In a historic expression of support for religious freedom a Polish court affirmed the right of the Union of Progressive Jewish Communities in Poland – Beit Polska – to exist. On October 14, 2014 a three member panel of the Polish Supreme Administrative Court instructed the lower courts to reverse their decisions on technical issues that would have led to the deregistration of all Progressive Communities in Poland and abridged the right of Jews to independently organize, worship, and develop.
The Union of Jewish Religious Communities (nominally Orthodox) attempted to deregister the existing Progressive Jewish communities in Poland and impose a legal requirement that they approve any Jewish group that is seeking to organize themselves as a religious community. The Union for Progressive Jewish Communities, called Beit Polska is made up of three officially registered congregations and an additional five in formation.
Progressive Judaism in Poland is a continuation of the diverse communities that formed as early as 1803 in Poland and numbered over forty synagogues and some 200,000 members before World War II. Progressive Judaism in Poland historically expressed a diverse range of Jewish non-Orthodox views roughly equivalent to the Reform and Conservative movements in America.
In April, 2014 the World Union for Progressive Judaism (WUPJ) with its 1.8 million members extended recognition to Beit Polska, (the umbrella organization for Progressive Judaism in Poland formed in 2009). Beginning in 2004 Beit Warszawa, the flagship community of Progressive Judaism in the post 1989 era was recognized by the World Union for Progressive Judaism.
Beginning with Piotr Stasiak, the chair of Beit Polska, expressions of satisfaction in the outcome were echoed by the new President of the World Union for Progressive Judaism, Rabbi Daniel Freelander and other key leaders including Mr. Leslie Bergman, the president of the European Union for Progressive Judaism (EUPJ) and Ms. Miriam Kramer, the chairman of the EUPJ board.

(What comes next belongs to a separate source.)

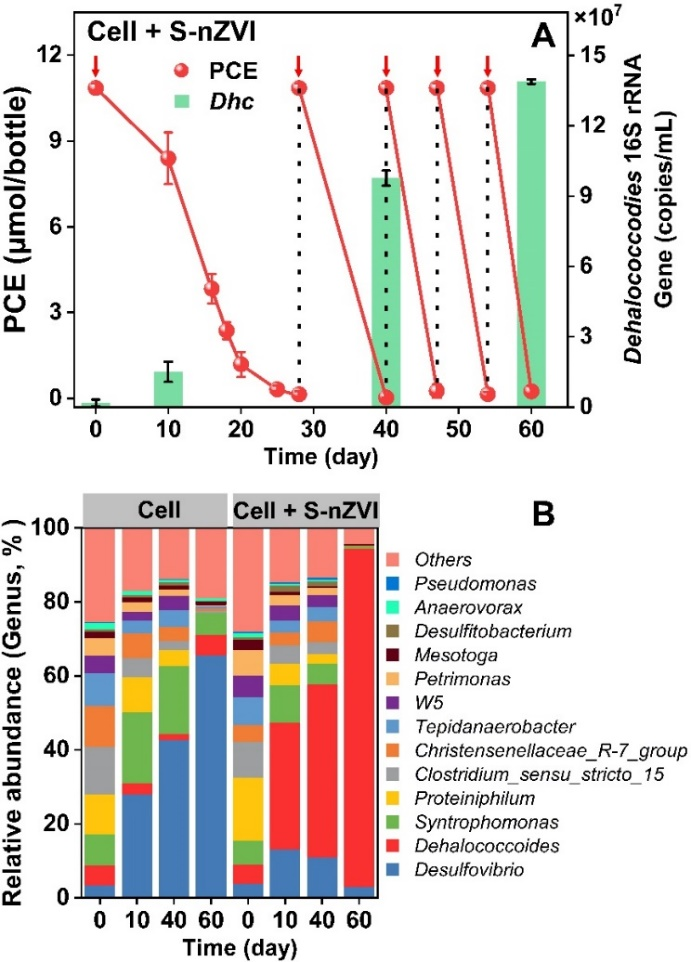 ????氯代烯烴作為一種廣泛分布于地下環境中的鹵代有機污染物,對生態環境和人類健康構成了嚴峻的威脅。面對這一挑戰,開發可持續的原位脫氯修復技術已成為治理氯代烯烴污染地下水的關鍵任務。微生物修復技術以其環保、高效、經濟的特點脫穎而出,通過引入大量有機電子供體(例如乳酸、乳化植物油等),促進脫鹵微生物,特別是氯呼吸菌(OHRB)的生長,實現對氯代烯烴的徹底脫鹵和無害化處理。然而,有機電子供體易被沖刷出處理區域,其發酵產物可能引起地下水質惡化和生物量過度增長導致的含水層堵塞。納米零價鐵(nZVI)作為一種廣泛應用于污染地下水和土壤原位修復的材料,其表面易被氧化或鈍化,這不僅降低了電子利用效率,也增加了應用成本。最新研究表明,通過表面硫化處理的納米零價鐵(S-nZVI)能夠提升材料的穩定性和反應活性。S-nZVI能夠降低氧化還原電位并提供電子,以支持微生物還原脫氯過程。將S-nZVI與OHRB結合使用,可能成為一項極具潛力的氯代乙烯污染地下水和土壤修復技術。盡管如此,S-nZVI與OHRB之間的相互作用機制以及它們對氯代乙烯還原脫氯的具體影響,目前尚不完全明確。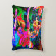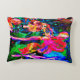 En ljus och färgrik abstrakt irisdesign fyller utrymmet på båda sidor av denna blommigt kudder.

Rabbi Gil Nativ of Beit Warszawa expressed the hope that a new and positive page in relations among all Jews in Poland would commence. Rabbi Nativ thanked Beit Polska’s attorney Mr. Greg Galacki for his excellent work. Rabbi Haim Beliak, executive director of Friends of Jewish Renewal in Poland, a support group for Progressive Jewish life in Poland expressed the hope that people would take note of the positive actions of Polish civic society represented by the court’s decision and the upcoming dedication of the Museum of Polish Jewish History.
Rabbi Anne Brener, a visiting scholar lecturing at Beit Warszawa during the harvest festival of Sukkot, attended the proceedings of the court and affirmed the historic nature of the October 14, 2014 decision of the Administrative Court. The written ruling with instructions to the lower courts will be issued in a few weeks.